▶ [WORK ITEM]
The expected output is the full data, repeated exactly, without pictures.

▶ [DATA]
========================================

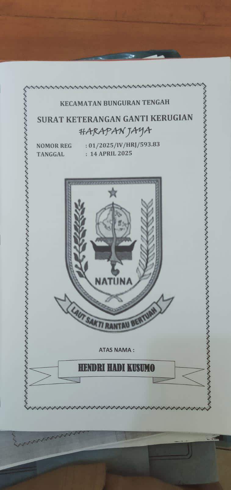 Potretnusantara.id,Natuna — Telah terjadi kehilangan dokumen penting berupa Surat Tanah milik warga Kabupaten Natuna atas nama Hendri Hadi Kusumo.
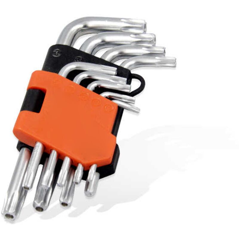 9 Pezzi Chiavi Torx A Brugola Con Seguenti Misure: T10 T15 T20 T25 T27 T30 T40 T45 T50 Materiale In acciaio CR-V, nichelato, lunga durata grazie alla struttura robusta Tutte Le Chiavi A Brugola Sono Prodotte Secondo La Standard TUV e GS Modello Con Taglio Piccolo: Lunghezza Lato Lungo Da Minimo 56mm Fino a Massimo 132mm 9 Pezzi Chiavi Torx A Brugola Con Seguenti Misure: T10 T15 T20 T25 T27 T30 T40 T45 T50 Materiale In acciaio CR-V, nichelato, lunga durata grazie alla struttura robusta Tutte Le Chiavi A Brugola Sono Prodotte Secondo La Standard TUV e GS Modello Con Taglio Piccolo: Lunghezza Lato Lungo Da Minimo 56mm Fino a Massimo 132mm
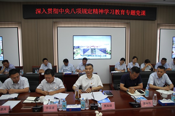 賈鳳鎖首先向大家傳達(dá)學(xué)習(xí)了6月27日省委書記倪岳峰就深入貫徹中央八項規(guī)定精神學(xué)習(xí)教育講授的專題黨課精神,隨后他緊密聯(lián)系自己的思想認(rèn)識和工作實(shí)際,從五個維度切入,以詳實(shí)案例、深刻見解,結(jié)合集團(tuán)實(shí)際發(fā)展需求,為與會人員帶來一場別開生面、干貨滿滿的黨課。一是深刻領(lǐng)會開展深入貫徹中央八項規(guī)定精神學(xué)習(xí)教育的重大意義。這是鞏固深化主題教育和黨紀(jì)學(xué)習(xí)教育成果、縱深推進(jìn)全面從嚴(yán)治黨的重要舉措;是密切黨群干群關(guān)系、鞏固黨的執(zhí)政基礎(chǔ)的必然要求;是加強(qiáng)干部作風(fēng)建設(shè)、實(shí)現(xiàn)企業(yè)高質(zhì)量發(fā)展的有力保障。開展深入貫徹中央八項規(guī)定精神學(xué)習(xí)教育,就是要促使集團(tuán)黨員干部以更加優(yōu)良的作風(fēng),積極投身到集團(tuán)確定的各項目標(biāo)任務(wù)中,勇于擔(dān)當(dāng)、積極作為,努力開創(chuàng)集團(tuán)高質(zhì)量發(fā)展新局面。二是準(zhǔn)確把握習(xí)近平總書記關(guān)于加強(qiáng)黨的作風(fēng)建設(shè)重要論述的核心要義。本次學(xué)習(xí)教育,為全體黨員配備了《習(xí)近平關(guān)于加強(qiáng)黨的作風(fēng)建設(shè)論述摘編》這本學(xué)習(xí)書籍,賈鳳鎖結(jié)合工作實(shí)際談了自己的學(xué)習(xí)體會。三是認(rèn)真防范企業(yè)貫徹中央八項規(guī)定精神潛在的風(fēng)險和問題。要防范形式主義損害企業(yè)發(fā)展質(zhì)量、官僚主義削弱企業(yè)凝聚力、享樂主義影響黨員干部形象、奢靡之風(fēng)造成國有資產(chǎn)流失等四類風(fēng)險。四是全面汲取深入學(xué)習(xí)貫徹中央八項規(guī)定精神的成效和經(jīng)驗。集團(tuán)各單位聚焦重點(diǎn)任務(wù),多元創(chuàng)新學(xué)思踐悟教育模式,扎實(shí)推進(jìn)學(xué)習(xí)教育走深走實(shí)。特別是今天參會的單位學(xué)習(xí)教育成效有目共睹。比如:四建公司通過抓好領(lǐng)導(dǎo)班子學(xué)習(xí)示范,進(jìn)一步引領(lǐng)廣大黨員干部深化對中央八項規(guī)定精神的領(lǐng)會,凝聚發(fā)展共識,上半年市場開發(fā)87.2億元,同比增長83%。五是切實(shí)把學(xué)習(xí)教育成果轉(zhuǎn)化為推進(jìn)集團(tuán)高質(zhì)量發(fā)展的強(qiáng)勁動力。突出整治整改工作重點(diǎn),全力推動學(xué)習(xí)教育走深走實(shí);聚焦領(lǐng)導(dǎo)班子作風(fēng)建設(shè),鍛造做強(qiáng)做優(yōu)做大企業(yè)“領(lǐng)航團(tuán)隊”;圍繞生產(chǎn)經(jīng)營中心工作,激活促進(jìn)高質(zhì)量發(fā)展“動力源泉”;直面“急難險重”攻堅任務(wù),筑牢完成年度目標(biāo)任務(wù)“攻堅堡壘”。課堂上,大家認(rèn)真聽講、做好筆記,積極參與互動交流。賈鳳鎖希望以此次學(xué)習(xí)教育為契機(jī),強(qiáng)化政治擔(dān)當(dāng),保持戰(zhàn)略定力,深刻把握中央八項規(guī)定精神的時代要求,堅決糾治“四風(fēng)”頑疾,弘揚(yáng)真抓實(shí)干作風(fēng),團(tuán)結(jié)帶領(lǐng)全體干部職工以昂揚(yáng)姿態(tài)、務(wù)實(shí)行動,共同書寫集團(tuán)高質(zhì)量發(fā)展的嶄新篇章!

========================================

▶ [EXERCISE RESPONSE]
 Potretnusantara.id,Natuna — Telah terjadi kehilangan dokumen penting berupa Surat Tanah milik warga Kabupaten Natuna atas nama Hendri Hadi Kusumo.
 9 Pezzi Chiavi Torx A Brugola Con Seguenti Misure: T10 T15 T20 T25 T27 T30 T40 T45 T50 Materiale In acciaio CR-V, nichelato, lunga durata grazie alla struttura robusta Tutte Le Chiavi A Brugola Sono Prodotte Secondo La Standard TUV e GS Modello Con Taglio Piccolo: Lunghezza Lato Lungo Da Minimo 56mm Fino a Massimo 132mm 9 Pezzi Chiavi Torx A Brugola Con Seguenti Misure: T10 T15 T20 T25 T27 T30 T40 T45 T50 Materiale In acciaio CR-V, nichelato, lunga durata grazie alla struttura robusta Tutte Le Chiavi A Brugola Sono Prodotte Secondo La Standard TUV e GS Modello Con Taglio Piccolo: Lunghezza Lato Lungo Da Minimo 56mm Fino a Massimo 132mm
 賈鳳鎖首先向大家傳達(dá)學(xué)習(xí)了6月27日省委書記倪岳峰就深入貫徹中央八項規(guī)定精神學(xué)習(xí)教育講授的專題黨課精神,隨后他緊密聯(lián)系自己的思想認(rèn)識和工作實(shí)際,從五個維度切入,以詳實(shí)案例、深刻見解,結(jié)合集團(tuán)實(shí)際發(fā)展需求,為與會人員帶來一場別開生面、干貨滿滿的黨課。一是深刻領(lǐng)會開展深入貫徹中央八項規(guī)定精神學(xué)習(xí)教育的重大意義。這是鞏固深化主題教育和黨紀(jì)學(xué)習(xí)教育成果、縱深推進(jìn)全面從嚴(yán)治黨的重要舉措;是密切黨群干群關(guān)系、鞏固黨的執(zhí)政基礎(chǔ)的必然要求;是加強(qiáng)干部作風(fēng)建設(shè)、實(shí)現(xiàn)企業(yè)高質(zhì)量發(fā)展的有力保障。開展深入貫徹中央八項規(guī)定精神學(xué)習(xí)教育,就是要促使集團(tuán)黨員干部以更加優(yōu)良的作風(fēng),積極投身到集團(tuán)確定的各項目標(biāo)任務(wù)中,勇于擔(dān)當(dāng)、積極作為,努力開創(chuàng)集團(tuán)高質(zhì)量發(fā)展新局面。二是準(zhǔn)確把握習(xí)近平總書記關(guān)于加強(qiáng)黨的作風(fēng)建設(shè)重要論述的核心要義。本次學(xué)習(xí)教育,為全體黨員配備了《習(xí)近平關(guān)于加強(qiáng)黨的作風(fēng)建設(shè)論述摘編》這本學(xué)習(xí)書籍,賈鳳鎖結(jié)合工作實(shí)際談了自己的學(xué)習(xí)體會。三是認(rèn)真防范企業(yè)貫徹中央八項規(guī)定精神潛在的風(fēng)險和問題。要防范形式主義損害企業(yè)發(fā)展質(zhì)量、官僚主義削弱企業(yè)凝聚力、享樂主義影響黨員干部形象、奢靡之風(fēng)造成國有資產(chǎn)流失等四類風(fēng)險。四是全面汲取深入學(xué)習(xí)貫徹中央八項規(guī)定精神的成效和經(jīng)驗。集團(tuán)各單位聚焦重點(diǎn)任務(wù),多元創(chuàng)新學(xué)思踐悟教育模式,扎實(shí)推進(jìn)學(xué)習(xí)教育走深走實(shí)。特別是今天參會的單位學(xué)習(xí)教育成效有目共睹。比如:四建公司通過抓好領(lǐng)導(dǎo)班子學(xué)習(xí)示范,進(jìn)一步引領(lǐng)廣大黨員干部深化對中央八項規(guī)定精神的領(lǐng)會,凝聚發(fā)展共識,上半年市場開發(fā)87.2億元,同比增長83%。五是切實(shí)把學(xué)習(xí)教育成果轉(zhuǎn)化為推進(jìn)集團(tuán)高質(zhì)量發(fā)展的強(qiáng)勁動力。突出整治整改工作重點(diǎn),全力推動學(xué)習(xí)教育走深走實(shí);聚焦領(lǐng)導(dǎo)班子作風(fēng)建設(shè),鍛造做強(qiáng)做優(yōu)做大企業(yè)“領(lǐng)航團(tuán)隊”;圍繞生產(chǎn)經(jīng)營中心工作,激活促進(jìn)高質(zhì)量發(fā)展“動力源泉”;直面“急難險重”攻堅任務(wù),筑牢完成年度目標(biāo)任務(wù)“攻堅堡壘”。課堂上,大家認(rèn)真聽講、做好筆記,積極參與互動交流。賈鳳鎖希望以此次學(xué)習(xí)教育為契機(jī),強(qiáng)化政治擔(dān)當(dāng),保持戰(zhàn)略定力,深刻把握中央八項規(guī)定精神的時代要求,堅決糾治“四風(fēng)”頑疾,弘揚(yáng)真抓實(shí)干作風(fēng),團(tuán)結(jié)帶領(lǐng)全體干部職工以昂揚(yáng)姿態(tài)、務(wù)實(shí)行動,共同書寫集團(tuán)高質(zhì)量發(fā)展的嶄新篇章!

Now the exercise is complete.